Task brief: Transcribe the records below exactly as written, from the opening line through the line that contains "sygnowany l.d.'JAR |".

+++

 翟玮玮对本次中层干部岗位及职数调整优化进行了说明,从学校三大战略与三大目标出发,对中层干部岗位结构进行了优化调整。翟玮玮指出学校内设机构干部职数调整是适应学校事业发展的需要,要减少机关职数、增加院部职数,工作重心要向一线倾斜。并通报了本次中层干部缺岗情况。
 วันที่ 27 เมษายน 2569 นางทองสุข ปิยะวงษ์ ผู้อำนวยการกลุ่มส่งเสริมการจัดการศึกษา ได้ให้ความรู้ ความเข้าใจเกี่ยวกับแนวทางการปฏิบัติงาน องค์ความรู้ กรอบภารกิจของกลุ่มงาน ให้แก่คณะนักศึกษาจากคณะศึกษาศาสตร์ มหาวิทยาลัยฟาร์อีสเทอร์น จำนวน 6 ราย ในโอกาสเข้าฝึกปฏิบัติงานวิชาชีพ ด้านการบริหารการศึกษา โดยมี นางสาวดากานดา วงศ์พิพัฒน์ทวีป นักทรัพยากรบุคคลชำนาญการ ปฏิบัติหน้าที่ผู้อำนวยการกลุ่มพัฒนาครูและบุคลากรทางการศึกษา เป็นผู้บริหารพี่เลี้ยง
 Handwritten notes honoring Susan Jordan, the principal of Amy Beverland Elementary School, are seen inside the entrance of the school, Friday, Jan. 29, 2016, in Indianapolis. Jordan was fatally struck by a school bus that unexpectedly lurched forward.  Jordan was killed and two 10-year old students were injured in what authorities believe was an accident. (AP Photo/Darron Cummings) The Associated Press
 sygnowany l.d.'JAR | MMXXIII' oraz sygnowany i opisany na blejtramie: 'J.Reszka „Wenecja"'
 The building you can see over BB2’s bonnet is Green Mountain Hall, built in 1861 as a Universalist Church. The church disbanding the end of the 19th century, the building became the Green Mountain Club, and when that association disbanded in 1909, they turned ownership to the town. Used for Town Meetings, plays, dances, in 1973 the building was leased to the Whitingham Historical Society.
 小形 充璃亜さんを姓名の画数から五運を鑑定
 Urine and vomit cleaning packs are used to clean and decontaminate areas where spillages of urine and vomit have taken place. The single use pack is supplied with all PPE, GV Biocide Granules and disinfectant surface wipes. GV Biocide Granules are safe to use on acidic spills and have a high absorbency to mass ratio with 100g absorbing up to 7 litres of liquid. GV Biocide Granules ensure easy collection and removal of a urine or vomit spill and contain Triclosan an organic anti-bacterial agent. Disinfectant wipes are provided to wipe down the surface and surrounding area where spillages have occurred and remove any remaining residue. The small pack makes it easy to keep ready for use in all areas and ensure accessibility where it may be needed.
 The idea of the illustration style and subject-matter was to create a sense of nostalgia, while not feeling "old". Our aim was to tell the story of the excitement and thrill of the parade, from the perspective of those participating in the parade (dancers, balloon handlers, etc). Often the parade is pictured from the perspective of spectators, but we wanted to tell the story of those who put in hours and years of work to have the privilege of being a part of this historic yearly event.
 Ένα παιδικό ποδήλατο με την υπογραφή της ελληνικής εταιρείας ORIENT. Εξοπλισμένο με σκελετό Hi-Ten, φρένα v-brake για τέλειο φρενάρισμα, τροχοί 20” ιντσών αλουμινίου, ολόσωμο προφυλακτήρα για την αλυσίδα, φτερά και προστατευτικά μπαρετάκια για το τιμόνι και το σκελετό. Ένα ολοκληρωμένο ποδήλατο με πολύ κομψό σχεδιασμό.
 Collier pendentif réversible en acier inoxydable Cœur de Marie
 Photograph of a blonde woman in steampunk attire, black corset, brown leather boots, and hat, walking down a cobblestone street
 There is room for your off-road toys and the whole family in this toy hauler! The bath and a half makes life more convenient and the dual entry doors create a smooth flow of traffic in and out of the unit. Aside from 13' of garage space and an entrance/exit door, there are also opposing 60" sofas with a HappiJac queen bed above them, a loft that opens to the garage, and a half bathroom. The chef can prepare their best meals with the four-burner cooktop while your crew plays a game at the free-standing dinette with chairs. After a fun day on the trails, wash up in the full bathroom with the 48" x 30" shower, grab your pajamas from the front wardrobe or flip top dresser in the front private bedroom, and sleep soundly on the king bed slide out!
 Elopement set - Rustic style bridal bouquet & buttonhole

+++

Result for this task:
 翟玮玮对本次中层干部岗位及职数调整优化进行了说明,从学校三大战略与三大目标出发,对中层干部岗位结构进行了优化调整。翟玮玮指出学校内设机构干部职数调整是适应学校事业发展的需要,要减少机关职数、增加院部职数,工作重心要向一线倾斜。并通报了本次中层干部缺岗情况。
 วันที่ 27 เมษายน 2569 นางทองสุข ปิยะวงษ์ ผู้อำนวยการกลุ่มส่งเสริมการจัดการศึกษา ได้ให้ความรู้ ความเข้าใจเกี่ยวกับแนวทางการปฏิบัติงาน องค์ความรู้ กรอบภารกิจของกลุ่มงาน ให้แก่คณะนักศึกษาจากคณะศึกษาศาสตร์ มหาวิทยาลัยฟาร์อีสเทอร์น จำนวน 6 ราย ในโอกาสเข้าฝึกปฏิบัติงานวิชาชีพ ด้านการบริหารการศึกษา โดยมี นางสาวดากานดา วงศ์พิพัฒน์ทวีป นักทรัพยากรบุคคลชำนาญการ ปฏิบัติหน้าที่ผู้อำนวยการกลุ่มพัฒนาครูและบุคลากรทางการศึกษา เป็นผู้บริหารพี่เลี้ยง
 Handwritten notes honoring Susan Jordan, the principal of Amy Beverland Elementary School, are seen inside the entrance of the school, Friday, Jan. 29, 2016, in Indianapolis. Jordan was fatally struck by a school bus that unexpectedly lurched forward.  Jordan was killed and two 10-year old students were injured in what authorities believe was an accident. (AP Photo/Darron Cummings) The Associated Press
 sygnowany l.d.'JAR | MMXXIII' oraz sygnowany i opisany na blejtramie: 'J.Reszka „Wenecja"'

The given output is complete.